Aunque nos gustaba ir a otros sitios, conocer otros lugares, en el fondo como en el barrio, como en nuestro viejo barrio de la Concepción no estábamos tan a gusto en ningún lado. Allí estaba, en sus calles, esquinas, en la plazoleta, nuestra infancia y nuestra juventud temprana (que ahora estábamos disfrutando de lo lindo). Los baretos que conocíamos (Par-Dos, el Yantar, el Campanario, el bar Zurich, Los Rafaeles, la Chuletera) y donde nos conocían. Allí estaba el parque y los cines (El Canciller, el Concepción), las tiendas de siempre y los amigos de toda la vida. Alli empezamos a tocar, primero en la terraza de Salva para llamar la atención de las chicas de la plazoleta, luego con el coro de la parroquia, más tarde en el sótano de nuestro primer colegio, donde ensayábamos, y allí nos habíamos vestido de largo tocando en las fiestas.
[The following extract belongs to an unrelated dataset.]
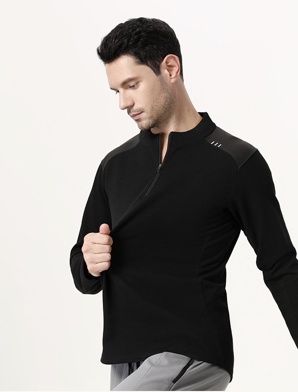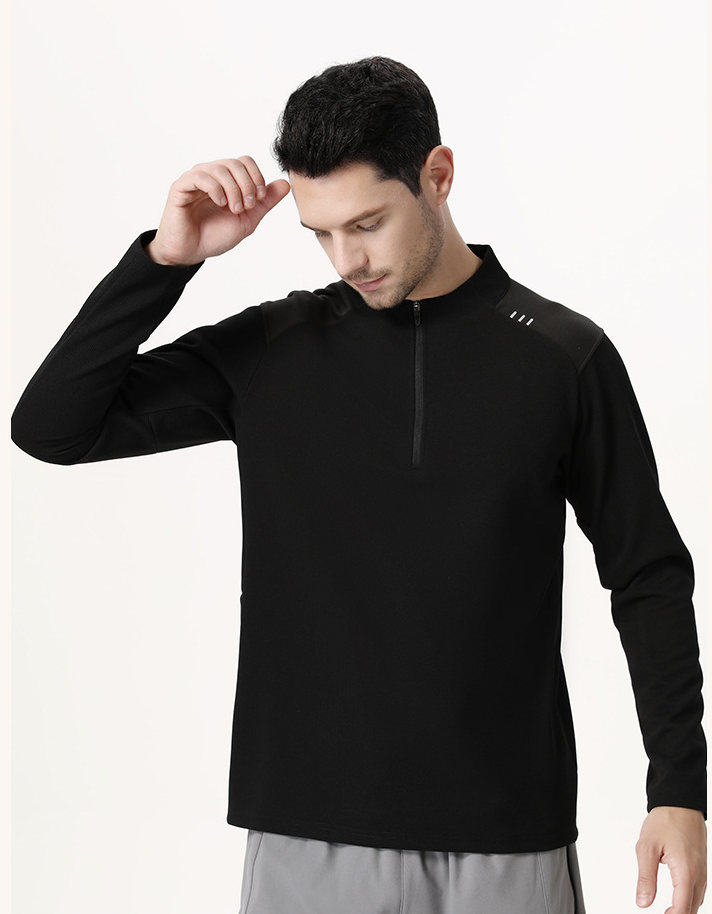 首元のジップで体温調節が簡単にでき、走行中の暑さ対策も手軽に調整可能

Era todo un mundo y era, sobre todo, nuestro mundo.


Por eso, aunque ahora estuviéramos ocupados, trabajando o estudiando y pasáramos buena parte del día fuera, cuando caía la noche siempre volvíamos al barrio (y también porque vivíamos allí y no íbamos a ir a domir a otro sitio) con tiempo de reunirnos, de quedar un rato para charlar y dar un voltio (¡la de voltios que habremos dado!). Y si no daba tiempo, quedábamos despues de cenar para salir un rato, ya hiciera frio o calor o aunque lloviera, en cuyo caso nos metíamos en el portal de alguno o nos refugiábamos en los soportales de la plazoleta, en frente del Yantar. Y aunque teníamos amigos de otros sitios, como el Bola o Juan Carlos, que eran del Parque de las Avenidas, Juan o Moisés que vivían aún más lejos, raramente íbamos a sus barrios, sino que ellos venían al nuestro y allí nos juntábamos todos, que el barrio era mucho barrio.